Miscarriages suck. Besides my incredible husband, one of the only ways I got through them was talking with women who had similar experiences. It’s hard – but it’s nothing to be ashamed of. If you ever need an ear (or a hug), I’m here – and Columbus is full women who have similar experiences – and we have each other’s backs. All I know is, you aren’t alone.
I had 2 missed miscarriages before my daughter was born. We also got pregnant right away each time and on the first saw a heartbeat at 7 weeks but none at 11 weeks. It does help to talk about, or write about. I have written about mine too although I havent posted it. Thanks for sharing!
Thank you so much for the note — you’re right, it does help to talk about. A piece of my heart will always be a little broken, but I am blessed beyond words with a daughter like Samantha! Hugs to you, Momma <3
Amanda, I didn’t know you went through this or I can’t remember. I’m sorry you had to go through losing children. You have my heart. I am thankful (as you are) that you have a Beautiful Samantha!
Thank you for sharing. Your cuz, Angela
Thank you so much, Angela — that means a lot! Yes, I thank God daily for my sweetest blessing, Samantha. And as painful as the journey was to her, I’d do it over and over again to get to her.
Amanda beautifully said…Went through this with my daughters…Angel was far enough along .. no heartbeat .. I got to hold her before then.. we buried her ..she was perfect !!! So proud of you Cuz …Love ya !
When I read your article it was like I was literally reading about myself! I got pregnant right away too. All three times. The first two resulted in miscarriages. One fairly early on and the second at 11 weeks after we saw a heartbeat at 9 weeks. Now we have rambunctious 1 year old identical twin boys ❤️ ❤️. The miscarriage fear stayed with me throughout my entire twin pregnancy. I would hold my breath at every ultrasound waiting to hear “I’m so sorry”. I just wanted to say thank you for sharing your story. I remember when I was in the throes of deep sadness post-miscarriage, reading stories such as yours helped me process my own losses.
Amanda beautifully said…Went through this with my daughters…Angel was far enough along .. no heartbeat .. I got to hold her before.. then we buried her ..she was perfect !!! So proud of you Cuz …Love ya !
I’m so so sorry you had to experience that. Although a tiny part of me will always be sad, I’m just so beyond grateful for little Samantha. I’m blessed beyond measure. Xoxo
I’ve never had a miscarriage, but it took almost four years for my husband and I to conceive and I can relate to what you said about social media- it was like everyone I’d ever met was making pregnancy announcements while I was crying on my bathroom floor each month when I realized I wasn’t pregnant (again).
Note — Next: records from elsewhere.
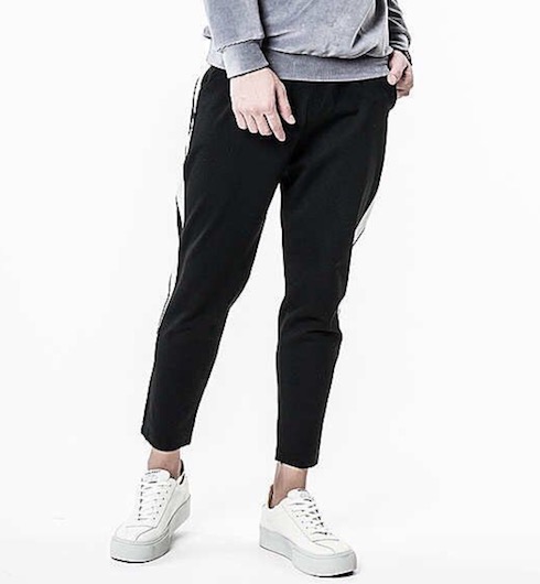 2.慢跑束脚哈伦裤,如果你不喜欢单纯颜色的裤子,觉得很单调。那么这款裤子绝对能符合你的要求。从裁剪上适合人体屈伸的工体力学,简单利落。在细节方面,用双排加固排线勾勒出了两个口袋的形状,点缀了整条裤子。脚裸处的拉线设计更是锦上添花,不仅给裤子增加了金属质感,更加方便了日常穿着!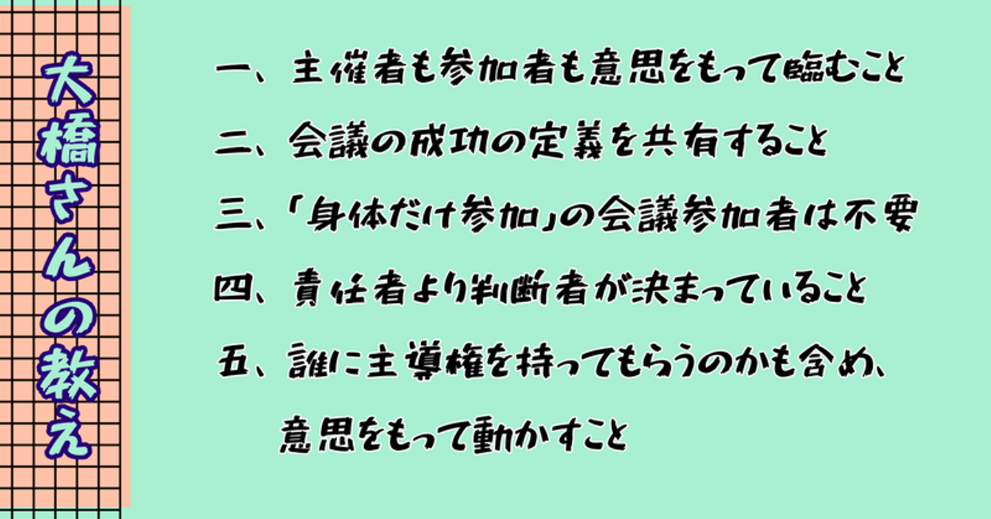 大橋さんの様々な「会議の極意」は、特に会議に参加する側、プロジェクトメンバー側の姿勢としての具体的なアクションが印象的。特に「会議の成功は主催者だけではなく、関わる全員の責任」というのが心に沁みました。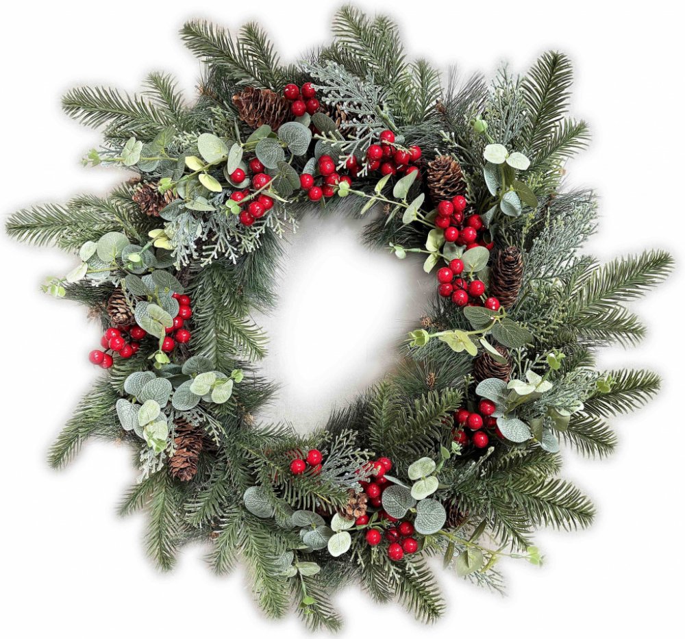 Tento věnec kombinuje svěží jehličnany s červenými bobulkami, šiškami a jemnými eukalyptovými listy, což vytváří harmonický a tradiční zimní design. Průměr věnce je 50 cm, díky čemuž je ideální pro zavěšení na vstupní dveře, stěny nebo pro umístění do interiéru, kde se stane ústředním prvkem výzdoby.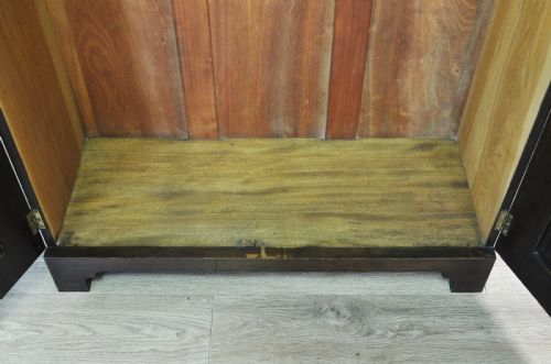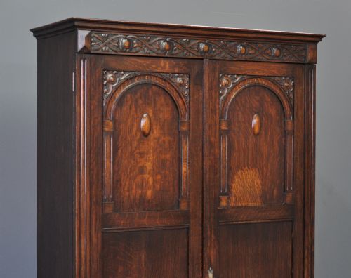 Diese schöne antike Garderobe befindet sich in einem sehr guten, soliden Zustand mit nur sehr geringen alters- und gebrauchsbedingten Oberflächenabdrücken, einschließlich ein paar kleinen Einkerbungen und leichten Kratzern im Finish. Die äußere Oberfläche weist ein paar leichtere Flecken auf, und die innere Ablage weist eine leichte Verbiegung zur Mitte hin auf.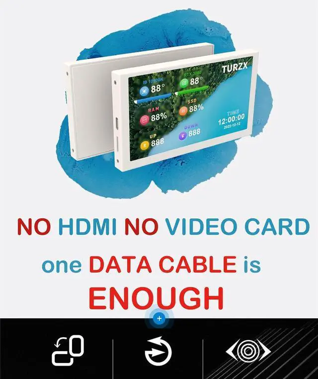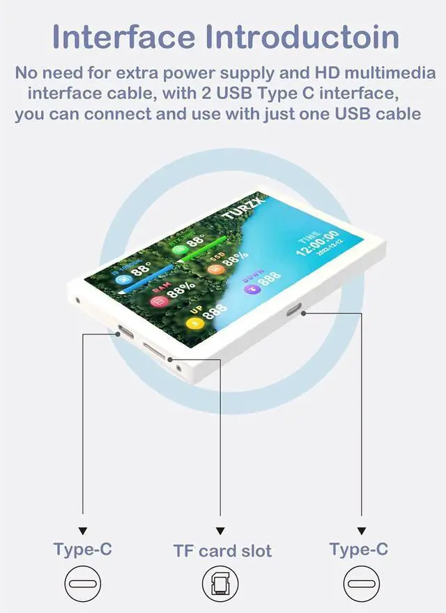 Features: - No additional power supply required and no HDMI required. Just a USB cable - 5-inch multi-theme display - Support horizontal and vertical screen switching, 360 degree rotation - Energy saving and environmental protection, automatic shutdown screen - Comfortable eye protection, stepless adjustment of screen brightness - One-click operation, change the background image, switch themes - Auto start at boot - Set weather forecast city - Compared with monitoring software such as AIDA64, it takes almost no resources when running - Visual theme editor, drag the mouse to realize your creativity parameter: -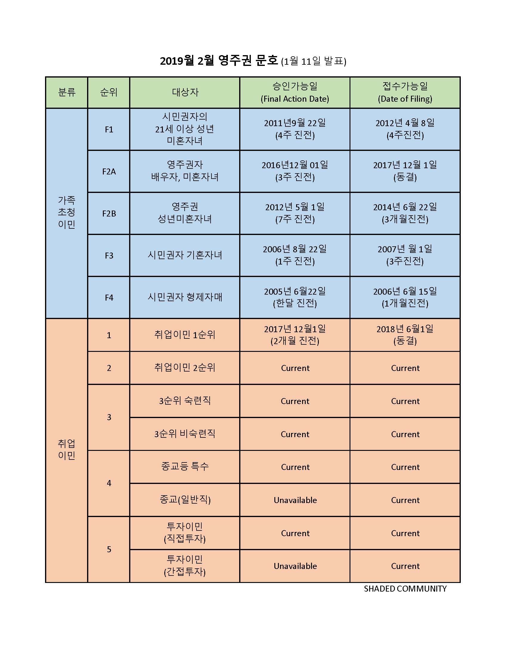 국무부가 1월 11일 발표한 2019년 새해 1월 영주권 문호에서 취업이민은 1순위 승인가능일이 2개월 진전되고 다른 순위 들은 지난달과 동일하게 오픈되었고 연방정부가 셧다운된 지난달 21일 이후 영주권 수속이 올스톱된 취업 4순위 비성직자 종교이민 부문과 취업 5순위 50만달러 투자이민 부문 등에 대한 영주권 문호 중단을 예고 되었습니다.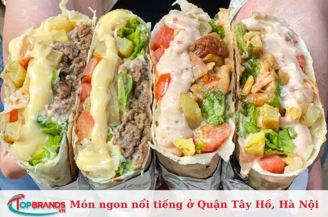 Bánh Taco được coi là món ăn quốc gia của người dân Mexico. Bánh được làm từ bột ngô hoặc bột mì và có nhiều nhân khác nhau. Hiện nay ở Hà Nội có rất nhiều quán taco mở cửa. Có rất nhiều cửa hàng, nhà hàng phục vụ món ăn độc đáo này nhưng đặc biệt ở Hồ Tây, Hey Pelo French Tacos là ấn tượng nhất. Hey Pelo French Tacos nổi tiếng với món Taco Katsu Chicken. Thịt bò siêu mềm, ớt thơm cay cay kèm ớt chuông, cộng thêm một miếng thịt gà cực to ở giữa. Món Taco ở đây khá đặc biệt với sốt mù tạt mật ong hơi ngọt nhưng một số người không ăn được thì thấy hơi ngán.

So thankful for my miracle baby, too!
You are absolutely right — both are just so so painful. Getting pregnant and not being able to keep it, or the agony of negative pregnancy test month after month. Sending you love, Momma for your sweet blessing and darling miracle baby (who is COTA Bus’ #1 fan!!!)
Thanks for sharing my article from Today Parents. I don’t always get to hear if it resonates with people so this was really neat when a friend emailed me your post! We are swimming in these waters together and by sharing your story, you are stretching out your hand to keep other afloat!
Oh Carly – I’m SO glad you reached out. It’s so funny – I spent a little bit of time yesterday afternoon actually looking online for your email – I wanted to send you my post and let you know how your words really resonated with me – even a couple years later. I could only track down your business page so was going to do some more digging today – and now, you found ME! All I can say is thank you- thank you for writing what you did – and for reaching out. Despite all the pain we felt years ago- we sure are lucky Mommas today.